Bagi Timnas Indonesia, hasil itu luar biasa dan tak sedikit yang merayakannya. Sementara untuk Australia, hasil tersebut membuat mereka terpukul dan malu karena secara level, kedua negara sangat jauh berbeda.
Kekecewaan itupun diungkapkan oleh Penyerang Australia, Mitchell Duke. Bahkan Ia sampai menyindir Timnas Indonesia pada sesi wawancara pascalaga di Stadion Utama Gelora Bung Karno, Senayan, Jakarta, Selasa (10/9/2024).
Kebetulan, saat sesi wawancara berlangsung, Timnas Indonesia sedang melakukan tradisi berkumpul melingkar di tengah lapangan dan menyanyikan lagu "Tanah Airku".
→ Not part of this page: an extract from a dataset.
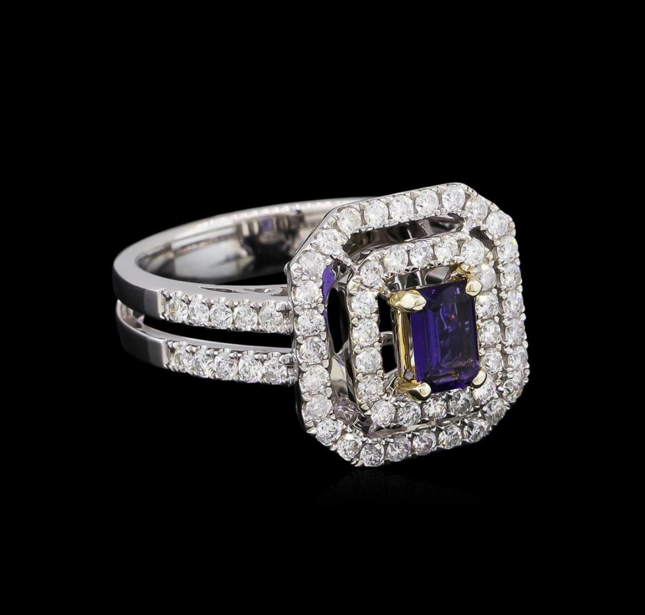 One electronically tested 14KT white and yellow gold Ladies combination cast & assembled ring with a bright polish finish. Condition is new. Identified with markings of "14K". Containing: Sixty-Five prong set round brilliant cut diamonds, measuring 1.20 - 1.20 x 0.72mm (depth est.) approximate. Total Weight of 65 Stones = 0.98ct. Clarity: I-1 to I-2. Color: J - K, Cut is Good. One prong set emerald modified step cut natural tanzanite, measuring 5.80 x 3.90 x 2.80mm, exact weight 0.40 ct., clarity is eye clean, type I, medium, very slightly grayish, violet color, (GIA V 5/3), cut is very good. Colored gemstones are presumed to have been subjected to commonly used color/clarity enhancement processes. Total Weight of Colored Stones 0.40 ct. Total Weight of Diamonds 0.98ct. Total Weight of Ring 6.40 grams. GGL Appraised.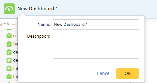 and select New Universal Dashboard. - On the new dashboard page, hover over the dashboard name and description, click

Penyerang Australia itu menilai aksi tersebut merupakan momen perayaan Garuda menahan imbang Socceroos.
"Mereka bernyanyi sekarang, mereka jadi gila. Itu maksud saya, mereka merayakan hasil imbang seolah-seolah itu adalah sebuah kemenangan," ucap Mitch Duke seperti dikutip dari Youtube Football Australia.
"Kami harus bersiap-siap untuk mengalahkan tim seperti itu dan itu tergantung kami. Kami harus benar-benar bekerja keras," tambahnya.
Komentar pemain yang membela klub Jepang Machida Zelvia ini pun menuai kontroversi.
Para netizen Indonesia yang tak terima dengan komentar tersebut menggeruduk akun media sosial penyerang Australia berusia 33 tahun tersebut.
Mereka marah karena sang striker menyebut momen sakral itu sebagai perayaan Timnas Indonesia.
Padahal, lagu 'Tanah Airku' yang dinyanyikan suporter dan pemain setiap akhir laga sudah melekat dengan Timnas Indonesia senior maupun timnas kelompok umur dan perempuan dalam beberapa tahun belakangan.
Menyanyikan lagu 'Tanah Airku' pun sudah menjadi tradisi dan momen sakral, bukan sebatas perayaan yan bergantung pada hasil.
Nyanyian itu sudah dianggap sebagai bentuk apresiasi penonton dan suporter atas perjuangan pemain di lapangan.
Mitch Duke pun akhirnya muncul lagi dan meminta maaf. Dia menyampaikan permohonan itu melalui akun media sosial Instagramnya, @mitchellduke pada Kamis (12/9/2024) pagi.
Mitch Duke mengaku tidak bermaksud menghina atau menyindir Timnas Indonesia. Dia berdalih ucapan itu muncul karena rasa frustrasinya Australia gagal meraih kemenangan.
"Hanya ingin meminta maaf atas komentar saya kelar pertandingan. Saya bukan berarti tidak menghormati orang-orang Indonesia, saya hanya frustrasi dengan hasilnya dan tidak tahu apa yang harus dilakukan ketika menang, imbang, atau kalah," tulis Mitch Duke.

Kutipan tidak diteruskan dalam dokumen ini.